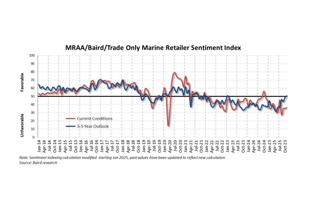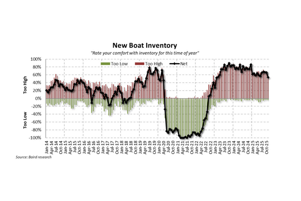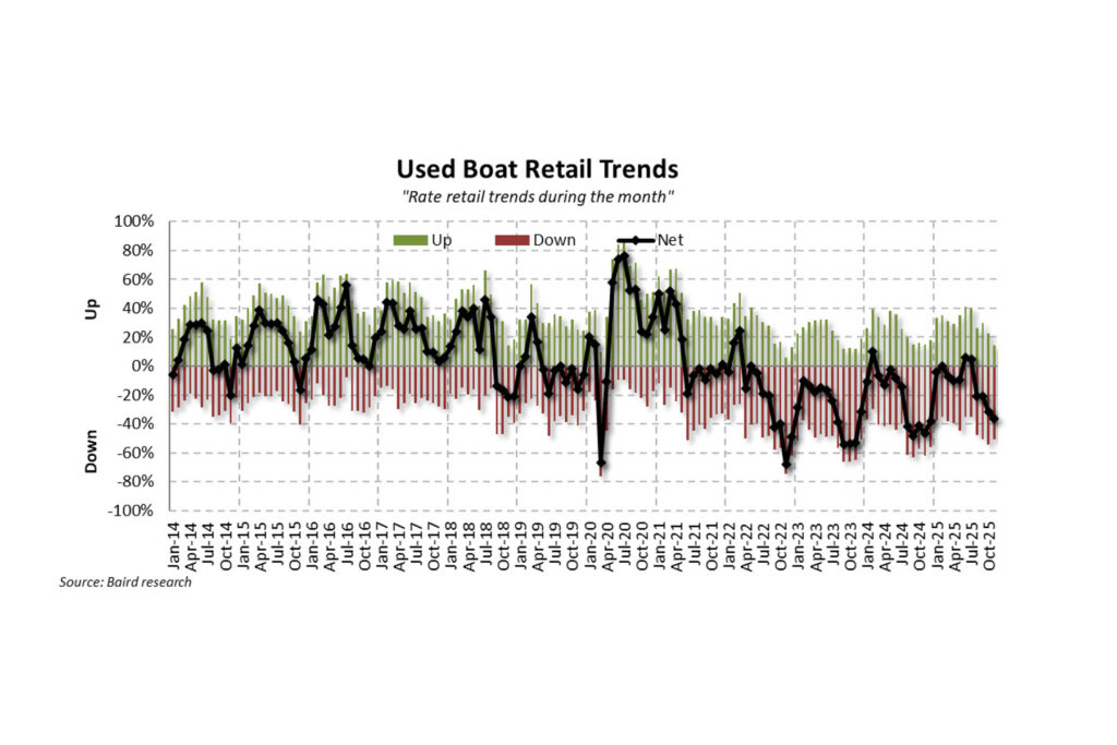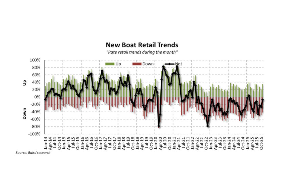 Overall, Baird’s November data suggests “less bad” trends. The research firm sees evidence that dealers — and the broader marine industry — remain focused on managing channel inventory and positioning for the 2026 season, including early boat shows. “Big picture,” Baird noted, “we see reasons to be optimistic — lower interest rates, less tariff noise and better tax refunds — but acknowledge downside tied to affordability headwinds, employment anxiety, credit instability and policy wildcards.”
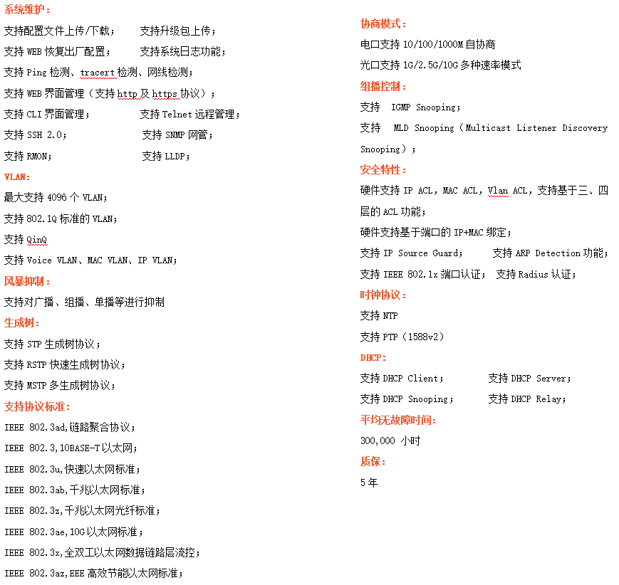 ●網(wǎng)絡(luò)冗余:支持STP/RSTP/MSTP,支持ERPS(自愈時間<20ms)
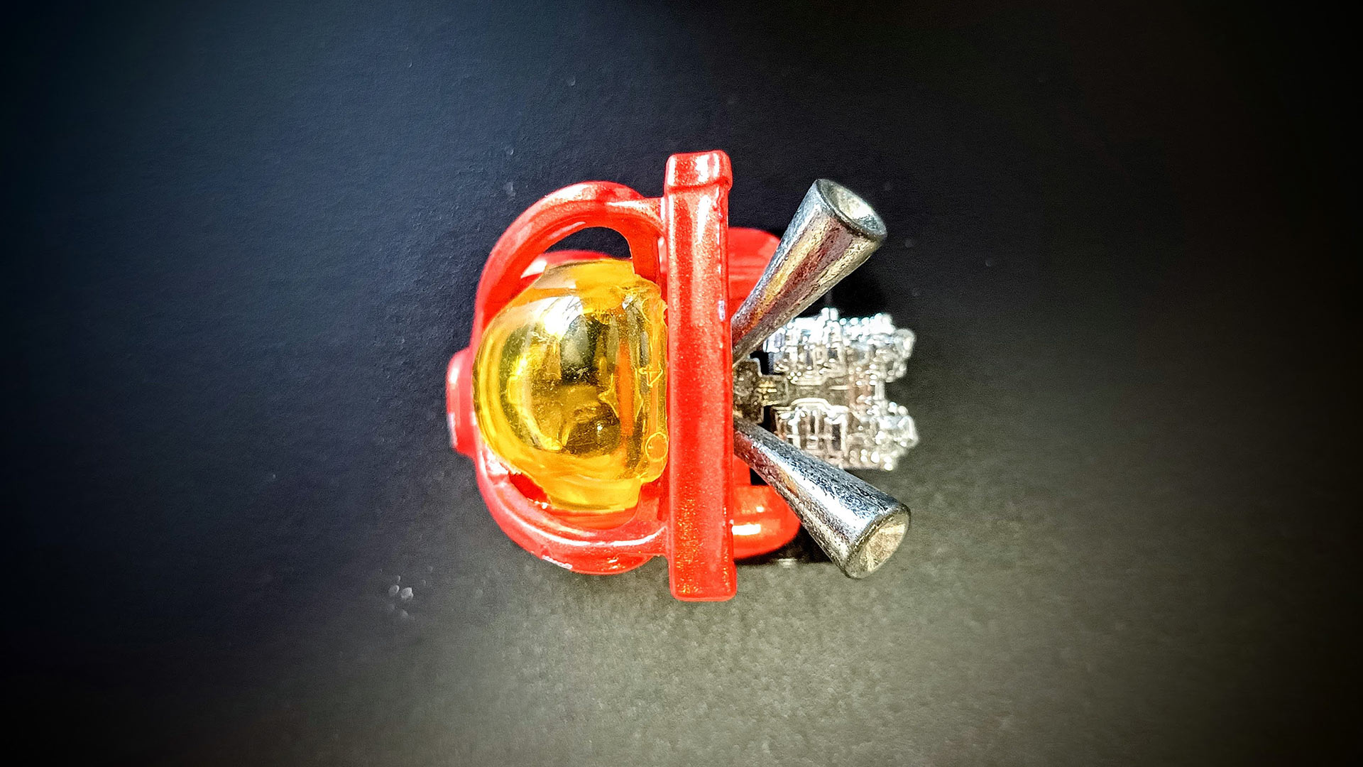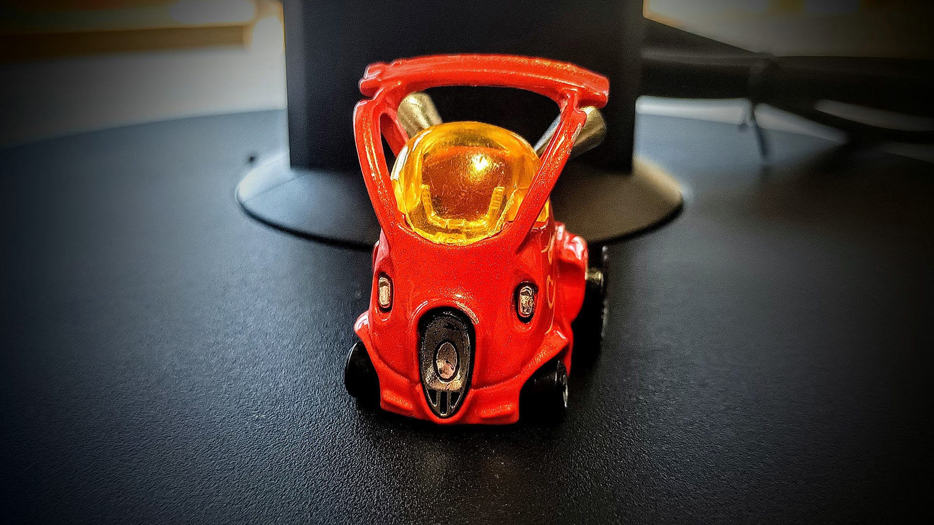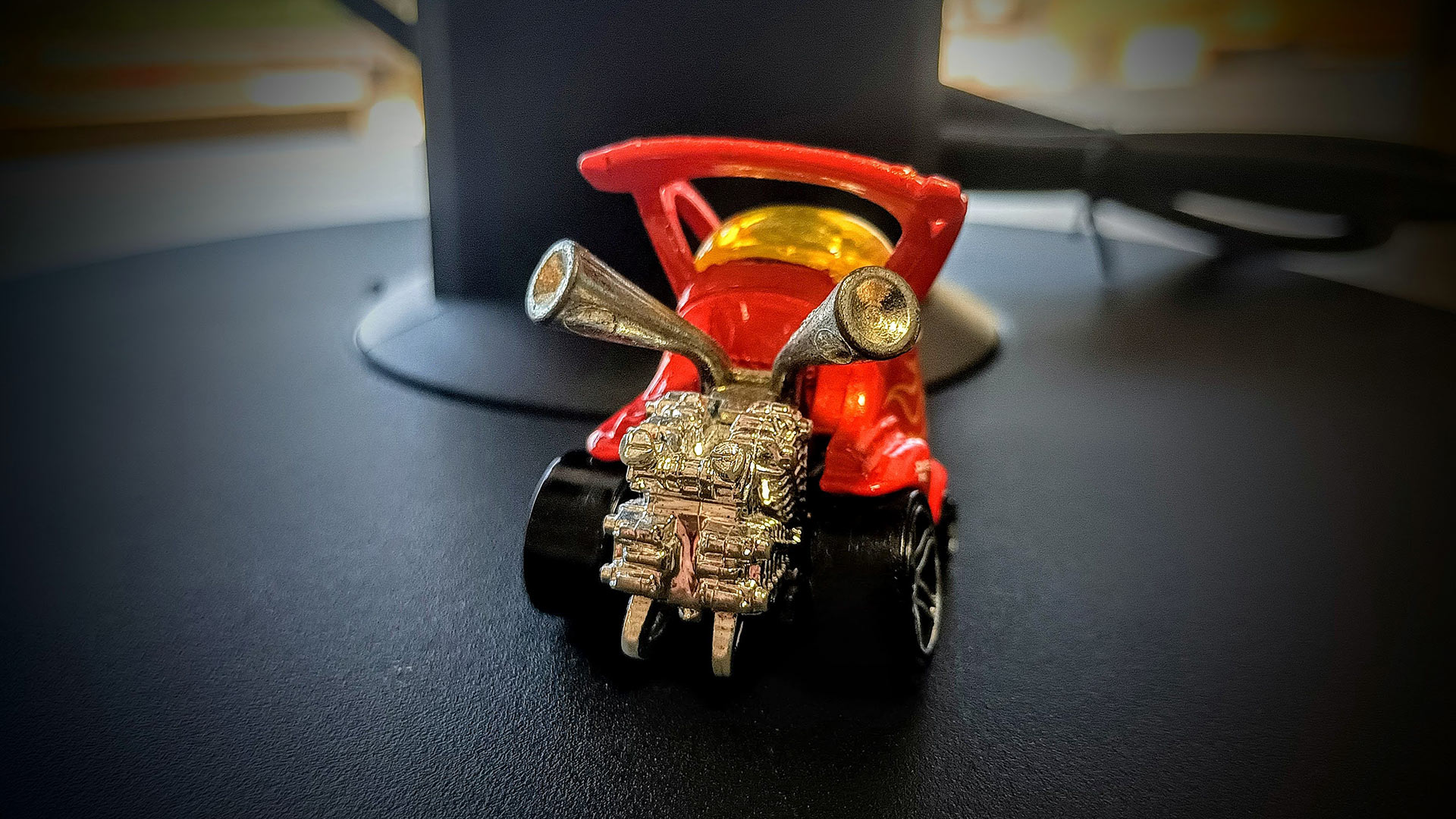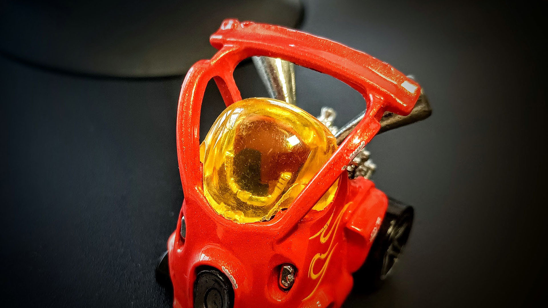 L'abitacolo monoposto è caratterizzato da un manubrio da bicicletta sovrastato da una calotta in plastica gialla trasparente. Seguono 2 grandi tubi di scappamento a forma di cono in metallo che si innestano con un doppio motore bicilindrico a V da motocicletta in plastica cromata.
☆ ☆ ☆
The problem
Write out all of the data above exactly, without any of its pictures.

Answer for this exercise
 Overall, Baird’s November data suggests “less bad” trends. The research firm sees evidence that dealers — and the broader marine industry — remain focused on managing channel inventory and positioning for the 2026 season, including early boat shows. “Big picture,” Baird noted, “we see reasons to be optimistic — lower interest rates, less tariff noise and better tax refunds — but acknowledge downside tied to affordability headwinds, employment anxiety, credit instability and policy wildcards.”
 ●網(wǎng)絡(luò)冗余:支持STP/RSTP/MSTP,支持ERPS(自愈時間<20ms)
 L'abitacolo monoposto è caratterizzato da un manubrio da bicicletta sovrastato da una calotta in plastica gialla trasparente. Seguono 2 grandi tubi di scappamento a forma di cono in metallo che si innestano con un doppio motore bicilindrico a V da motocicletta in plastica cromata.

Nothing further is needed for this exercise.